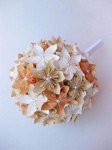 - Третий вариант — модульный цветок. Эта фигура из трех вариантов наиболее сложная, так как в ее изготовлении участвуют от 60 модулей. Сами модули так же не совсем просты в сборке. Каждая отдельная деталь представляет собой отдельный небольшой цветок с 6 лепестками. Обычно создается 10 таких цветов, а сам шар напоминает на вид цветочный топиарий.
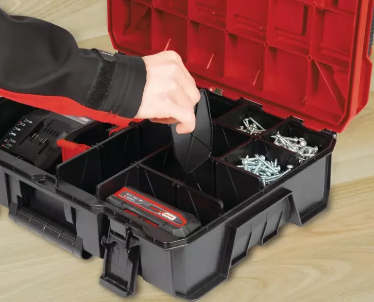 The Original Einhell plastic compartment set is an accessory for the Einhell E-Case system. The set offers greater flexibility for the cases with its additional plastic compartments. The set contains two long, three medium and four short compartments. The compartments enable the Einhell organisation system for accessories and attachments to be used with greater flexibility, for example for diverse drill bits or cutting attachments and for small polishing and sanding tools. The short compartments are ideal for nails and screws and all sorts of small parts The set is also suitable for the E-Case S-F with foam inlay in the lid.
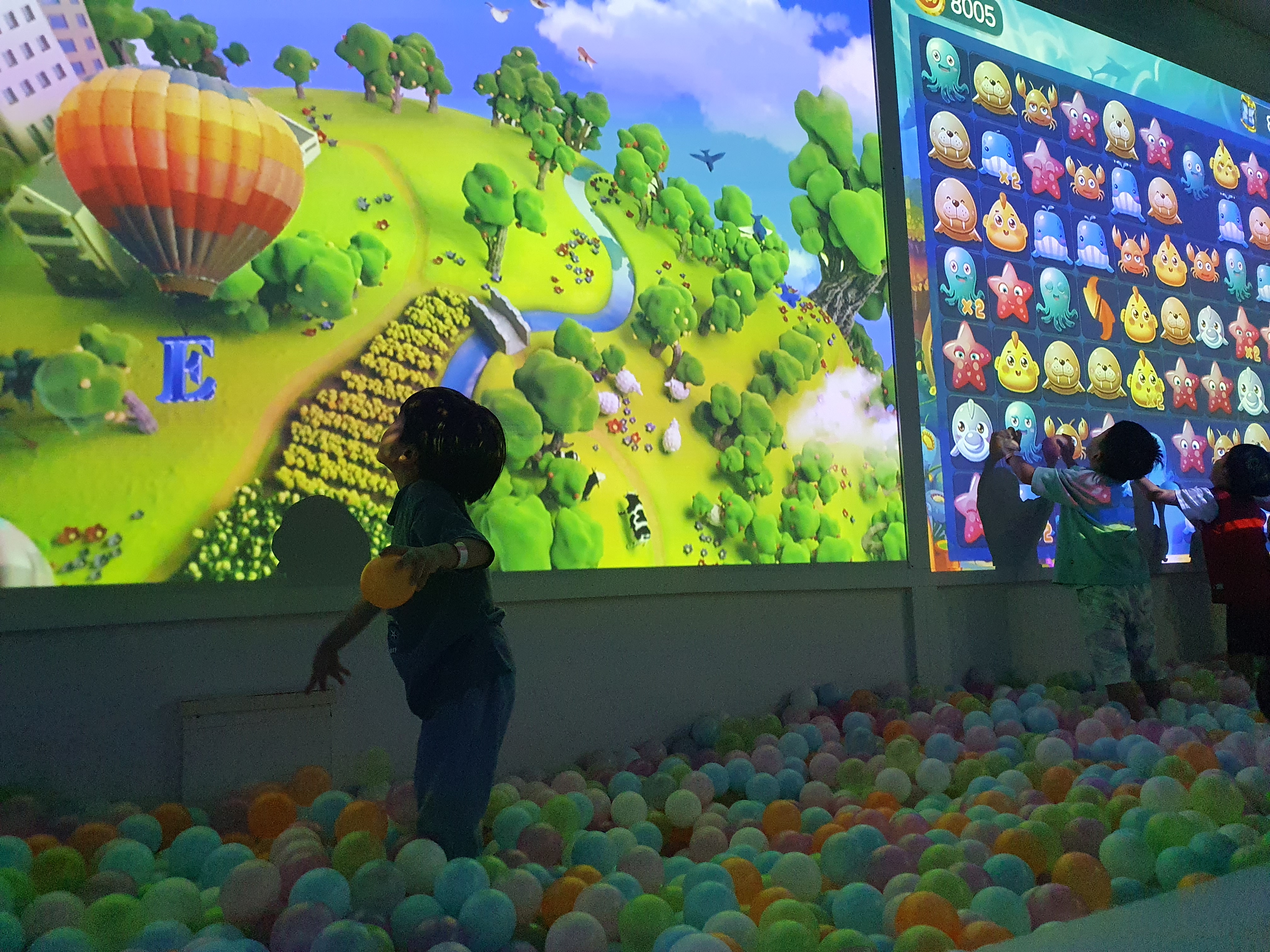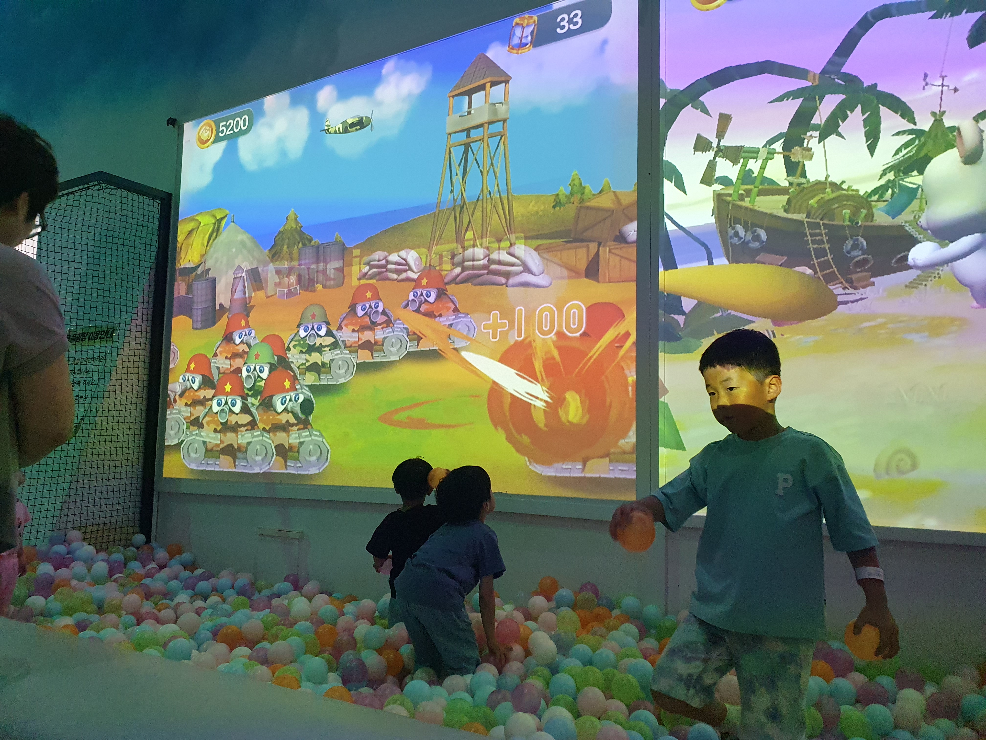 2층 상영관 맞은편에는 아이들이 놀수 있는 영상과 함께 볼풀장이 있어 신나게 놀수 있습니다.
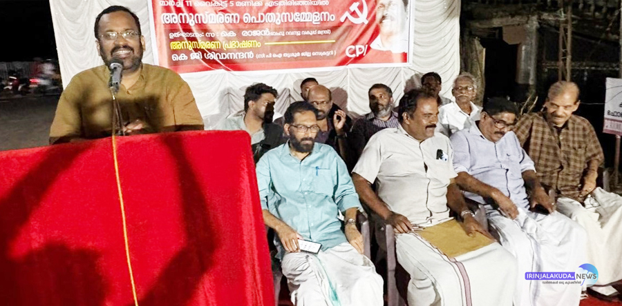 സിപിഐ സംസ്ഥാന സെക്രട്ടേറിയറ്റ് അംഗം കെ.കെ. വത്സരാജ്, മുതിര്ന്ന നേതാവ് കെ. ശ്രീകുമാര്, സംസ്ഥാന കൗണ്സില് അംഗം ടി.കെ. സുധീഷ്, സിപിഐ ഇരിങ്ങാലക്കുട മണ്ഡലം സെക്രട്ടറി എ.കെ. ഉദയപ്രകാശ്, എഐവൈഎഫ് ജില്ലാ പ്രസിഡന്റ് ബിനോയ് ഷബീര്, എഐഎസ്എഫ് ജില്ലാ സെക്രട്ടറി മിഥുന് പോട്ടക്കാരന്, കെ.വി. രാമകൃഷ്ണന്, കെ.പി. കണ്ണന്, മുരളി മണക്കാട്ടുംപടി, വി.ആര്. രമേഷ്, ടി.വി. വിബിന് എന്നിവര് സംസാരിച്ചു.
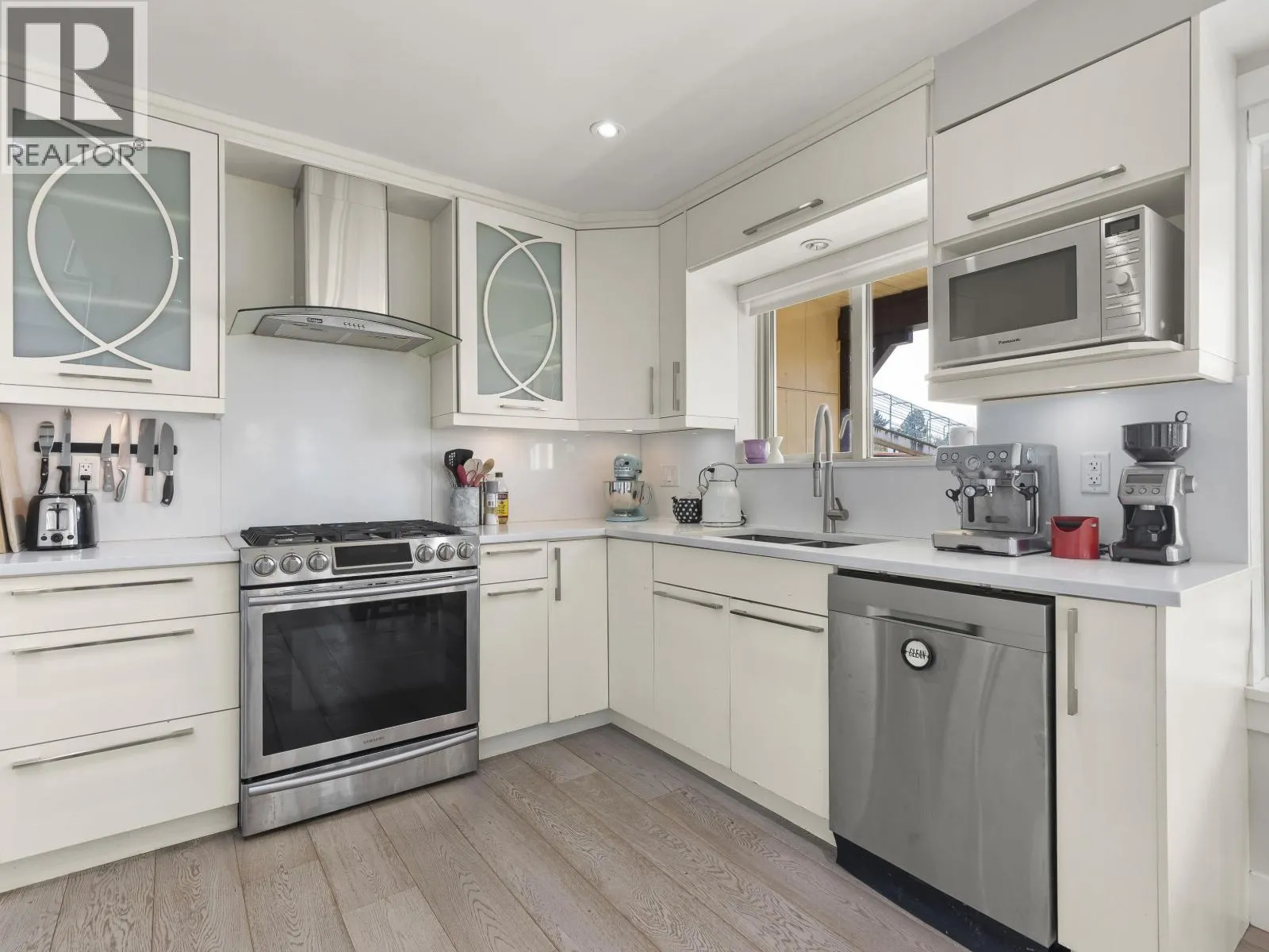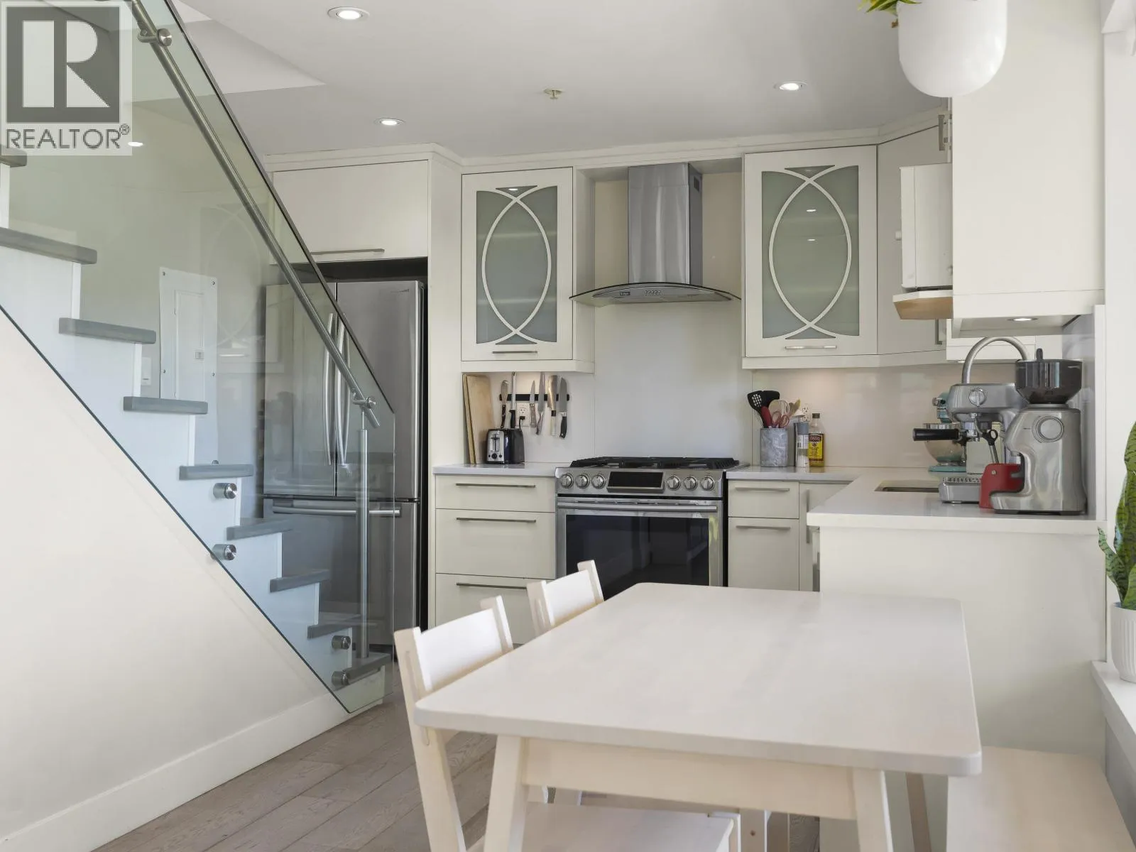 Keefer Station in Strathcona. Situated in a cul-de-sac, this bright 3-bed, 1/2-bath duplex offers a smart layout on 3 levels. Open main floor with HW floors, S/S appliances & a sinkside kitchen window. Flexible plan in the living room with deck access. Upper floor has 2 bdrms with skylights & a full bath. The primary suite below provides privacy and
|---|
Reproduce the lines above letter for letter. The pictures stay behind.

## Response area
 - Третий вариант — модульный цветок. Эта фигура из трех вариантов наиболее сложная, так как в ее изготовлении участвуют от 60 модулей. Сами модули так же не совсем просты в сборке. Каждая отдельная деталь представляет собой отдельный небольшой цветок с 6 лепестками. Обычно создается 10 таких цветов, а сам шар напоминает на вид цветочный топиарий.
 The Original Einhell plastic compartment set is an accessory for the Einhell E-Case system. The set offers greater flexibility for the cases with its additional plastic compartments. The set contains two long, three medium and four short compartments. The compartments enable the Einhell organisation system for accessories and attachments to be used with greater flexibility, for example for diverse drill bits or cutting attachments and for small polishing and sanding tools. The short compartments are ideal for nails and screws and all sorts of small parts The set is also suitable for the E-Case S-F with foam inlay in the lid.
 2층 상영관 맞은편에는 아이들이 놀수 있는 영상과 함께 볼풀장이 있어 신나게 놀수 있습니다.
 സിപിഐ സംസ്ഥാന സെക്രട്ടേറിയറ്റ് അംഗം കെ.കെ. വത്സരാജ്, മുതിര്ന്ന നേതാവ് കെ. ശ്രീകുമാര്, സംസ്ഥാന കൗണ്സില് അംഗം ടി.കെ. സുധീഷ്, സിപിഐ ഇരിങ്ങാലക്കുട മണ്ഡലം സെക്രട്ടറി എ.കെ. ഉദയപ്രകാശ്, എഐവൈഎഫ് ജില്ലാ പ്രസിഡന്റ് ബിനോയ് ഷബീര്, എഐഎസ്എഫ് ജില്ലാ സെക്രട്ടറി മിഥുന് പോട്ടക്കാരന്, കെ.വി. രാമകൃഷ്ണന്, കെ.പി. കണ്ണന്, മുരളി മണക്കാട്ടുംപടി, വി.ആര്. രമേഷ്, ടി.വി. വിബിന് എന്നിവര് സംസാരിച്ചു.
 Keefer Station in Strathcona. Situated in a cul-de-sac, this bright 3-bed, 1/2-bath duplex offers a smart layout on 3 levels. Open main floor with HW floors, S/S appliances & a sinkside kitchen window. Flexible plan in the living room with deck access. Upper floor has 2 bdrms with skylights & a full bath. The primary suite below provides privacy and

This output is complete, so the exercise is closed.